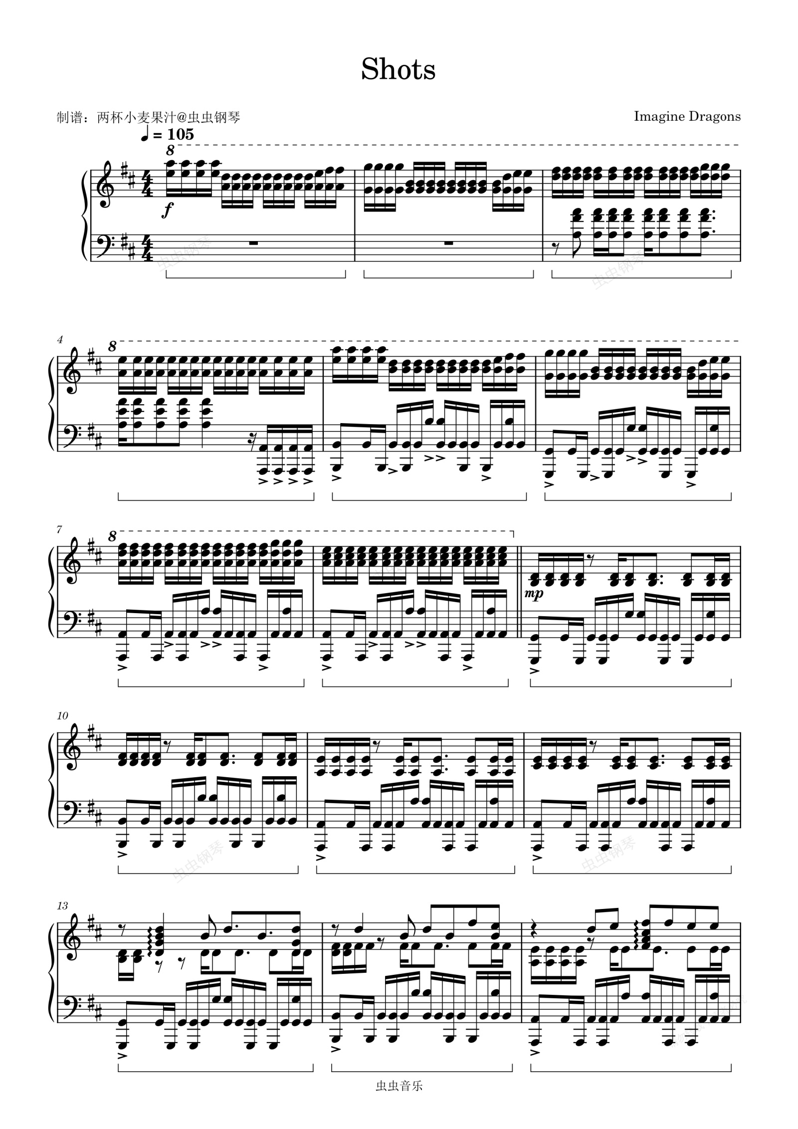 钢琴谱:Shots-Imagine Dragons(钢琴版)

◇ ◇ ◇ ◇ ◇ ◇ ◇

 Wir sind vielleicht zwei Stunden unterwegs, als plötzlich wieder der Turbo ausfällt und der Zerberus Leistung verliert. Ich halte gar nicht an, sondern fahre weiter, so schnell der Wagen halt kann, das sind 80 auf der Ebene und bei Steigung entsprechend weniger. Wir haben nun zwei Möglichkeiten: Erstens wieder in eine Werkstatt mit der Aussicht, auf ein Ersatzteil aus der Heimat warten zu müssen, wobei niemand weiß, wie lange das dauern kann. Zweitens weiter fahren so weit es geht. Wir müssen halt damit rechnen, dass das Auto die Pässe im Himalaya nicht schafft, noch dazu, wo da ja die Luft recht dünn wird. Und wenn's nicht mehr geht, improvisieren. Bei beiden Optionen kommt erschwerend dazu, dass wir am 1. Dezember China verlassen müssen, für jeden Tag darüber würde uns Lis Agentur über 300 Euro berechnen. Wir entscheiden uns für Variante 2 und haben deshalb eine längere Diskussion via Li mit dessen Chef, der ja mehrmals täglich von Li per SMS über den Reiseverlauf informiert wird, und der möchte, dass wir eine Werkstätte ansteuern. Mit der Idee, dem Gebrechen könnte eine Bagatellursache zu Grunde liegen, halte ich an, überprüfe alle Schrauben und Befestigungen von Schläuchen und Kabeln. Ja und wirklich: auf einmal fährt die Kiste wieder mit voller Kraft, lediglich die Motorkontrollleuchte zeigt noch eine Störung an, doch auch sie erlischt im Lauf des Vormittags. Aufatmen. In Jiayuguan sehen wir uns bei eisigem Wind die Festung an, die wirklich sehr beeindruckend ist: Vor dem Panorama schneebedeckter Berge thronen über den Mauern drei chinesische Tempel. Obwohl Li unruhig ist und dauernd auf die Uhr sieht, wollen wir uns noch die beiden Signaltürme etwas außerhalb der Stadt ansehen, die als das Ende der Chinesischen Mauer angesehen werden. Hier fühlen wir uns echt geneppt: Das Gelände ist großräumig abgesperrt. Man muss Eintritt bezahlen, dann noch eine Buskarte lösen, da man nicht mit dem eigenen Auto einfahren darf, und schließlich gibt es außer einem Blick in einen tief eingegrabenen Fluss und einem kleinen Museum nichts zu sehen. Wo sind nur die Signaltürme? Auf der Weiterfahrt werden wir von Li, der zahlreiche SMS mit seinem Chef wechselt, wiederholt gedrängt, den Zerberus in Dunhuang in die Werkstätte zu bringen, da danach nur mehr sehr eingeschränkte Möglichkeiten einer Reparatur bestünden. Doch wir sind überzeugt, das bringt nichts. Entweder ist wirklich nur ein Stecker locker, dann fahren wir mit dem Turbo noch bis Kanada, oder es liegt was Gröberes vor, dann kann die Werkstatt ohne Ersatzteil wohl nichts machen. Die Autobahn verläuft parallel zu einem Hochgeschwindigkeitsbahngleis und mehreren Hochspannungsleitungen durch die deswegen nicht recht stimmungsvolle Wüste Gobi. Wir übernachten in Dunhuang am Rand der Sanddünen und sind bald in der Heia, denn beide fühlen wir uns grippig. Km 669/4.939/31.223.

◇ ◇ ◇ ◇ ◇ ◇ ◇

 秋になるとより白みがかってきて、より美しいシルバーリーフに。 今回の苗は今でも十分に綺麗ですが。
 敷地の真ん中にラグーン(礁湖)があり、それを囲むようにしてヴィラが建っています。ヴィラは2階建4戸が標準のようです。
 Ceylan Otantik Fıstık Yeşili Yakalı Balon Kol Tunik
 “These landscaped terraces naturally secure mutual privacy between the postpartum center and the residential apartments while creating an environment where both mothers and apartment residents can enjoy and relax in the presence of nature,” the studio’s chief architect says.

◇ ◇ ◇ ◇ ◇ ◇ ◇

▶ WORK INSTRUCTIONS
Look above for the line that contains "秋になるとより白みがかってき". Starting there, transcribe every line exactly until you have copied the line that contains "chief architect says.".

▶ WRITTEN ANSWER
 秋になるとより白みがかってきて、より美しいシルバーリーフに。 今回の苗は今でも十分に綺麗ですが。
 敷地の真ん中にラグーン(礁湖)があり、それを囲むようにしてヴィラが建っています。ヴィラは2階建4戸が標準のようです。
 Ceylan Otantik Fıstık Yeşili Yakalı Balon Kol Tunik
 “These landscaped terraces naturally secure mutual privacy between the postpartum center and the residential apartments while creating an environment where both mothers and apartment residents can enjoy and relax in the presence of nature,” the studio’s chief architect says.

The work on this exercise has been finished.